* **EXERCISE**
Copy out the data word for word, without any of its pictures.

(SUPPLIED DATA Opens)

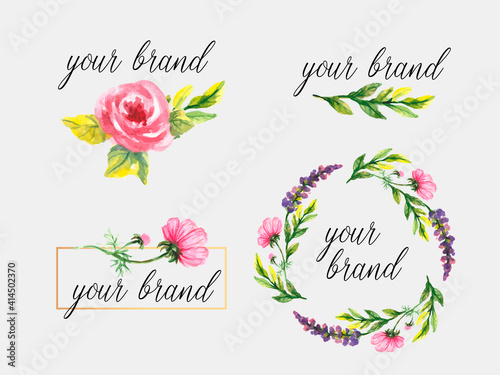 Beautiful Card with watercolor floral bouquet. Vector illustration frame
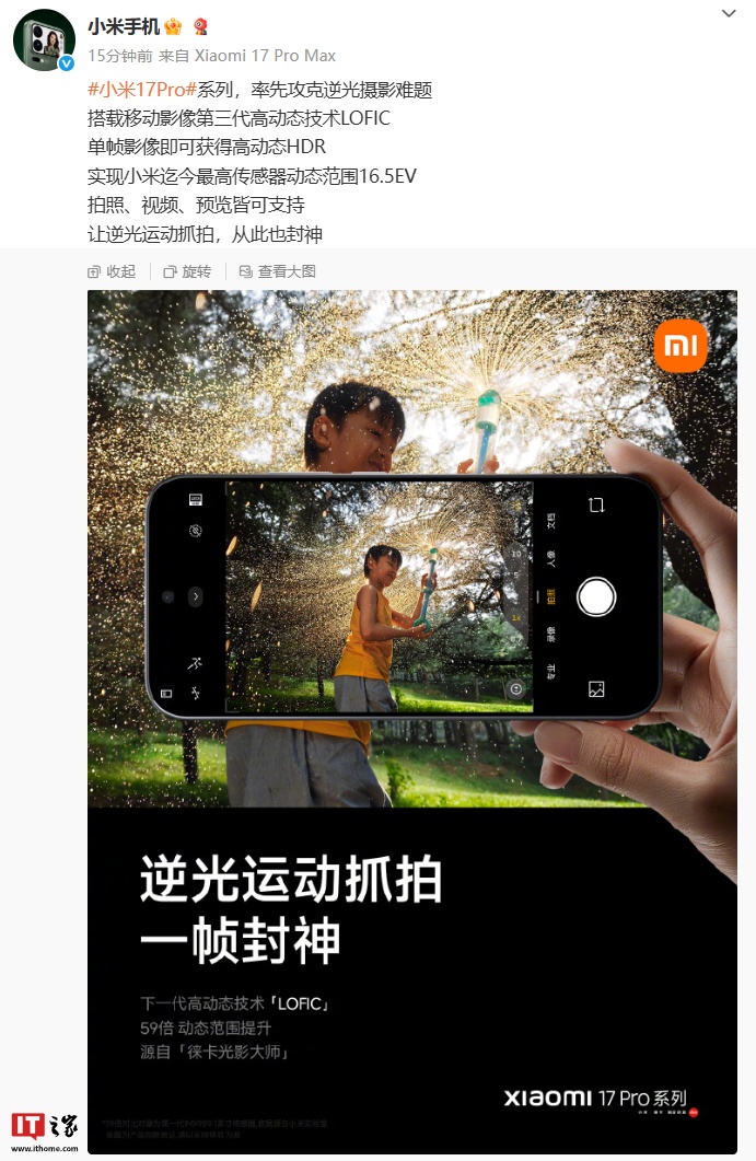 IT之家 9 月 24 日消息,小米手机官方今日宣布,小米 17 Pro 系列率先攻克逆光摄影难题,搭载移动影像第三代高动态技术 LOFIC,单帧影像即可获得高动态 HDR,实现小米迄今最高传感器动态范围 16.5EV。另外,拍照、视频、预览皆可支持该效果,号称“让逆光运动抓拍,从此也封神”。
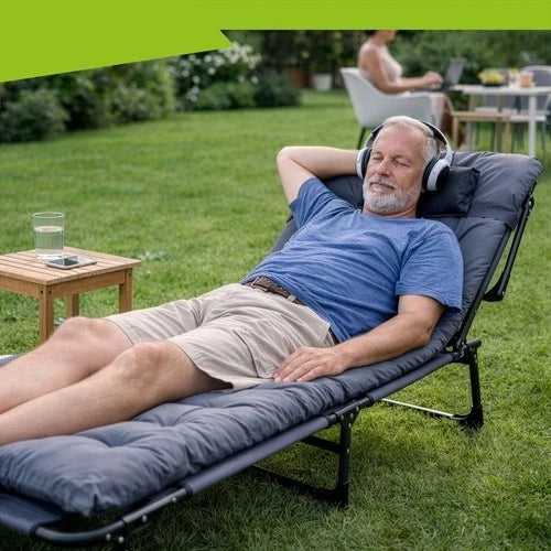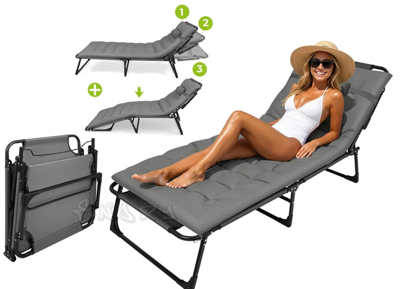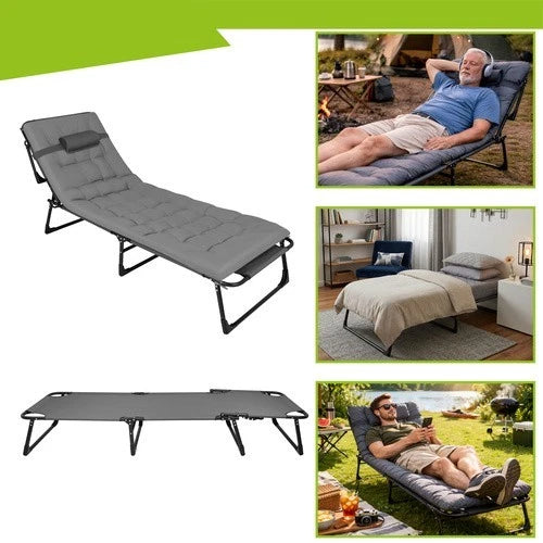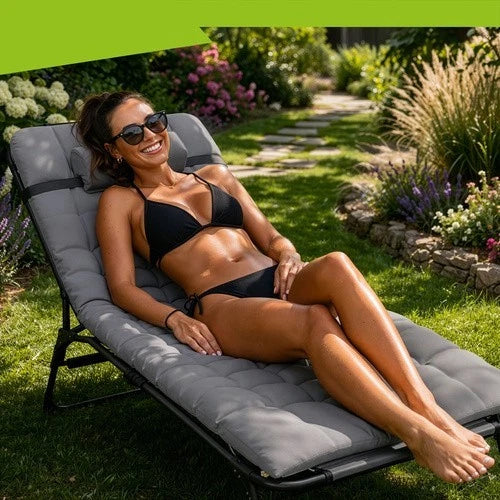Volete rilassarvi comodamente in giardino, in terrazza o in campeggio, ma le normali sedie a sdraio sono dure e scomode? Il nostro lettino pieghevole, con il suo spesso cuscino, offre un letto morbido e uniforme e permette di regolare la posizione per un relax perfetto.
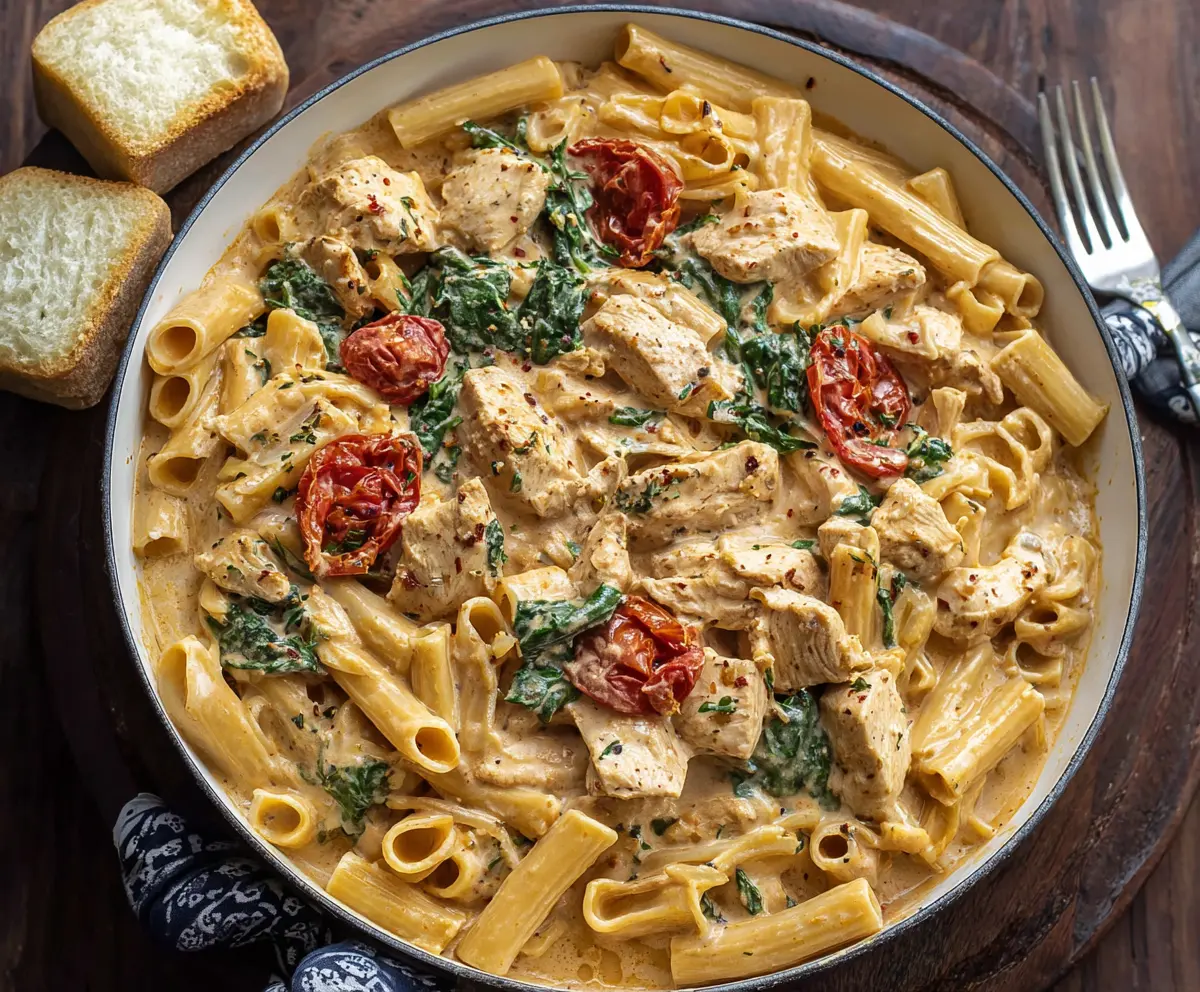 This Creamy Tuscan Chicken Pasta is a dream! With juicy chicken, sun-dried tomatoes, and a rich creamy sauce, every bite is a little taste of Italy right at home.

(SUPPLIED DATA Closes)

* **RESULT OF THIS TASK**
 Beautiful Card with watercolor floral bouquet. Vector illustration frame
 IT之家 9 月 24 日消息,小米手机官方今日宣布,小米 17 Pro 系列率先攻克逆光摄影难题,搭载移动影像第三代高动态技术 LOFIC,单帧影像即可获得高动态 HDR,实现小米迄今最高传感器动态范围 16.5EV。另外,拍照、视频、预览皆可支持该效果,号称“让逆光运动抓拍,从此也封神”。
Volete rilassarvi comodamente in giardino, in terrazza o in campeggio, ma le normali sedie a sdraio sono dure e scomode? Il nostro lettino pieghevole, con il suo spesso cuscino, offre un letto morbido e uniforme e permette di regolare la posizione per un relax perfetto.
 This Creamy Tuscan Chicken Pasta is a dream! With juicy chicken, sun-dried tomatoes, and a rich creamy sauce, every bite is a little taste of Italy right at home.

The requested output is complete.